John had already managed to convince himself that he was being paranoid about what had transpired earlier – it was just a drink, for God's sake – but he couldn't help eyeing his flatmate askance over his Gang Panang.
Sherlock, however, didn't do anything else out of the ordinary - at least, nothing out of what was ordinary for him – that evening. When asked where he'd been, he said curtly that he'd been working, and he communicated nothing else about the matter, except for a smug grin when John inquired whether the said work was on his plan to crush Charles A. Milverton.
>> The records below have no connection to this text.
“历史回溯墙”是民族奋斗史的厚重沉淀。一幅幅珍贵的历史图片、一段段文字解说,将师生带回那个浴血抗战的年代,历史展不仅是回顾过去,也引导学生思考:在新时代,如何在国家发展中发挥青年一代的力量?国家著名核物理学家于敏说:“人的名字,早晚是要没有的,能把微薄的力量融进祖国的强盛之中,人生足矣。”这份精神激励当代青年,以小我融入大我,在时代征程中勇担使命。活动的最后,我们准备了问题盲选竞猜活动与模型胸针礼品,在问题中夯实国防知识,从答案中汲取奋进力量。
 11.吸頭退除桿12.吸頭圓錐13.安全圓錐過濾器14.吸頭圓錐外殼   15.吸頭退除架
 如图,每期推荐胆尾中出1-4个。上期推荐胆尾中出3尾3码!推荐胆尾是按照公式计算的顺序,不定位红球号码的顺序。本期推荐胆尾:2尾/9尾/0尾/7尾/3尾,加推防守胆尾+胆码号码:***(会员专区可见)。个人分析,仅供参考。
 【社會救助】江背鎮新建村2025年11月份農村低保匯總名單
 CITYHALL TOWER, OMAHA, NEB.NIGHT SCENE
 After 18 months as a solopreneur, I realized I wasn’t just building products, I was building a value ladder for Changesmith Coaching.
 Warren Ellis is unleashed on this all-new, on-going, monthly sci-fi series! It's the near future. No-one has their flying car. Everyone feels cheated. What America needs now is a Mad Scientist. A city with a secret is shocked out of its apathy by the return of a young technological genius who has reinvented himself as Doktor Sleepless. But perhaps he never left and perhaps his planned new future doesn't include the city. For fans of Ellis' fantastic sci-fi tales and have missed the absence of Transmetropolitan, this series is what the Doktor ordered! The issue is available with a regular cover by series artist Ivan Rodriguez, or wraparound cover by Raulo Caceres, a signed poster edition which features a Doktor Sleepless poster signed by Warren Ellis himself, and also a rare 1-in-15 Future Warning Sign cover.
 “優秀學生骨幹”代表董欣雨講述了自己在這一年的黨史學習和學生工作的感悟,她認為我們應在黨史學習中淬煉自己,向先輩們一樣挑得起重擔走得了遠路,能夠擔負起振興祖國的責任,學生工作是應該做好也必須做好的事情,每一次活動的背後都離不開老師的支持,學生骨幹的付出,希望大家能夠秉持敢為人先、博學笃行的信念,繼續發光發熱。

"I'll see if it works tomorrow, John. I've invested quite a lot in this venture, and stand to put in much more work, but it's the best line that I can take. I have several alternatives, of course, but this one's less risky than the rest, seeing as Milverton's not actually done anything criminal yet. Now shut up, I need to think." Whereupon Sherlock shouldered his violin and began to play discordantly, sending John up the stairs with his laptop to escape the noise.
He didn't manage to blog though, and spent most of the night worrying what his mad flatmate was up to now.
xxx
That evening, John Willoughby turned the plumber's card over in his hand. The kitchen sink had inexplicably clogged up that afternoon, and the man had said to call, and maybe someone he met personally was better than someone he'd pick out of the phone book, and Escott probably wouldn't get lost this time since he'd been to the house before, and damned if he wasn't sure he wouldn't have done something to block up the sink himself if it hadn't done so on its own.
Yes, he would give Escott a call. His boss needed a plumber. Escott was a plumber. And never mind the fact that he was gorgeous, or that John Willoughby got all hot and bothered just remembering the man drink.